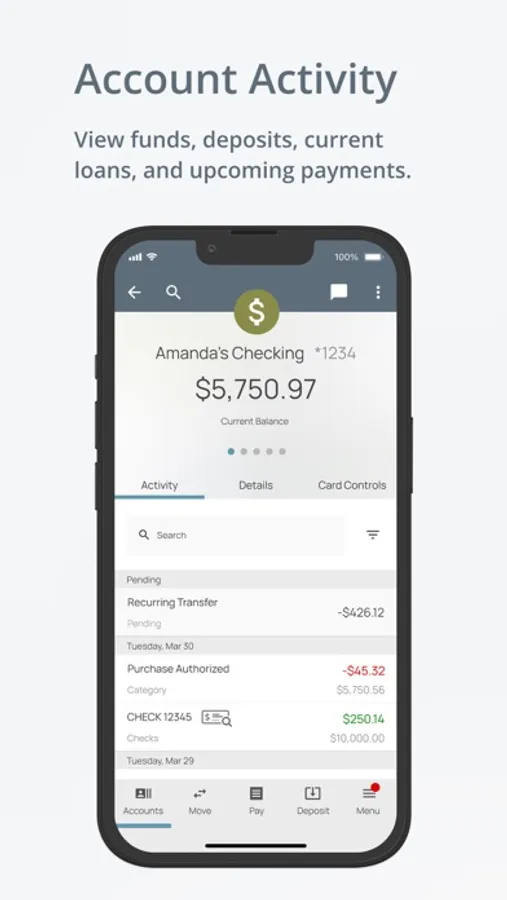 • Review transaction history, search for payments or deposits
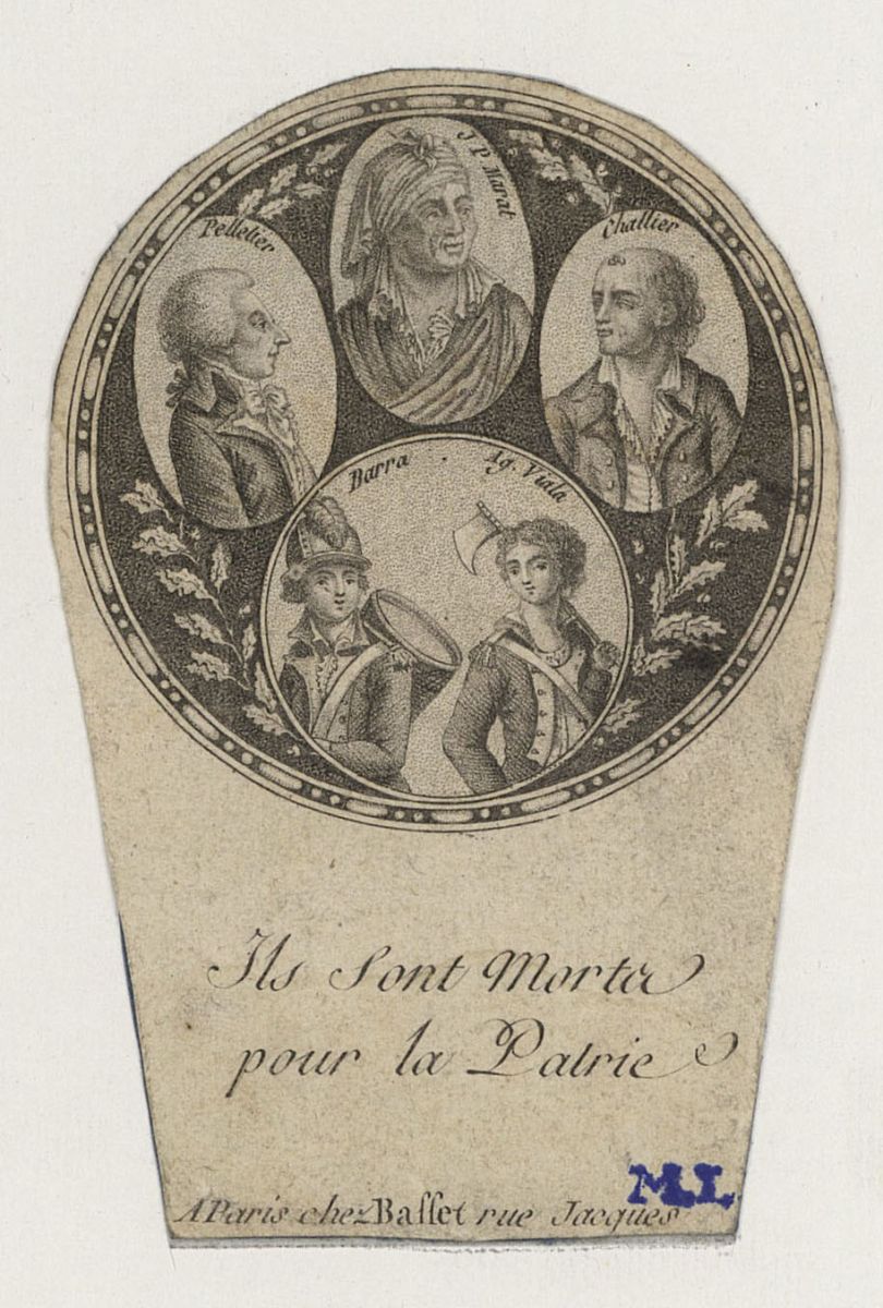 Quatre médaillons représentant : Jean-Paul Marat, Louis-Michel Lepeletier de Saint-Fargeau, Marie-Joseph Chalier, Joseph Barra et Joseph-Agricol Viala.
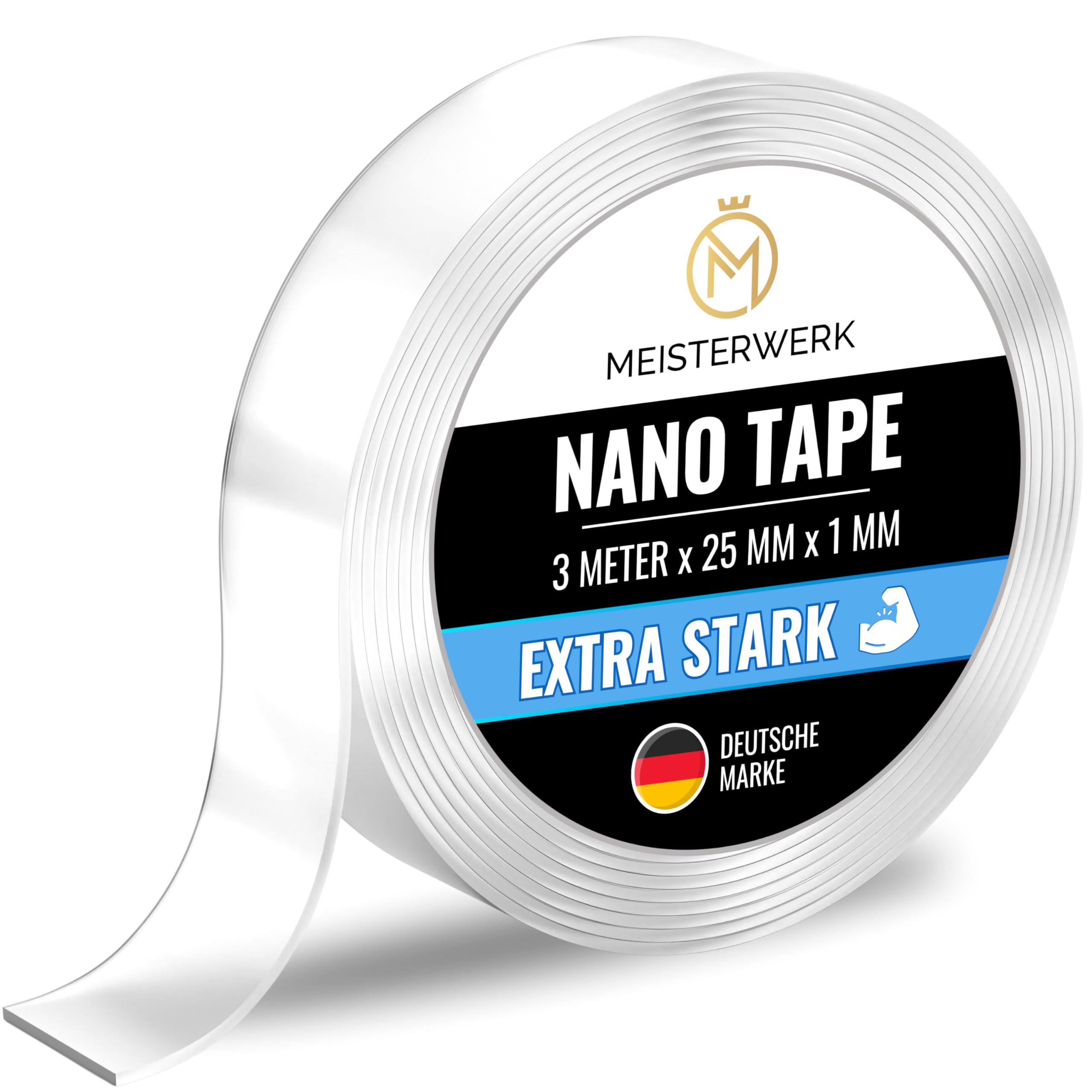 MEISTERWERK - Doppelseitiges Nano-Klebeband [EXTRA STARK] - Klebstofffrei & Spurlos dank Gecko-Effekt I Rutschfest - Waschbar & Wiederverwendbar
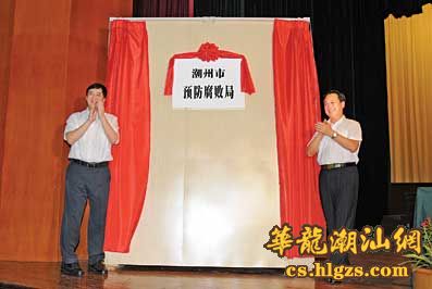 本报讯(记者 庞磊成) 在省纪委、省监察厅和市委、市政府的高度重视和支持下,潮州市预防腐败局昨天上午正式揭牌成立,这对于推进我市反腐倡廉建设具有十分重要的意义。省委常委、省纪委书记黄先耀和市委书记、市人大常委会主任许光为潮州市预防腐败局揭牌。
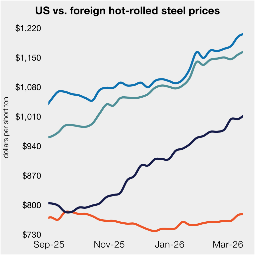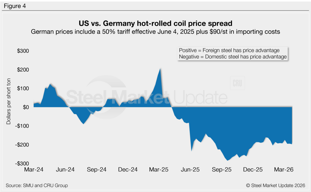 The decisive factor remains the 50% Section 232 tariffs. While imports from Europe are more expensive than domestic material, Southeast Asian products remain at a discount. The dynamic has kept the overall gap tighter since the fourth quarter.
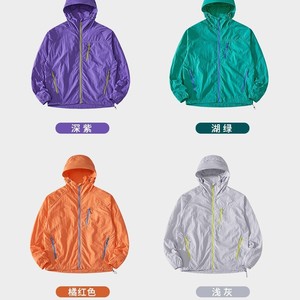 トレンディな夏のマウンテンスタイルの男性と女性用のアウトドアライトジャケット、フード付き日焼け止め服、紫外線防止カップル旅行用スキン服
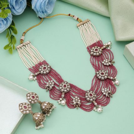 Magenta Color Kundan Necklace Set With Vibrant Royal Festive Finish

==================================================

■ Exercise directions:
Only the lines from the one containing "トレンディな夏のマウンテンス" through the last line of the data belong in the copy, both included and reproduced exactly. Pictures do not.

■ Output below:
 トレンディな夏のマウンテンスタイルの男性と女性用のアウトドアライトジャケット、フード付き日焼け止め服、紫外線防止カップル旅行用スキン服
 Magenta Color Kundan Necklace Set With Vibrant Royal Festive Finish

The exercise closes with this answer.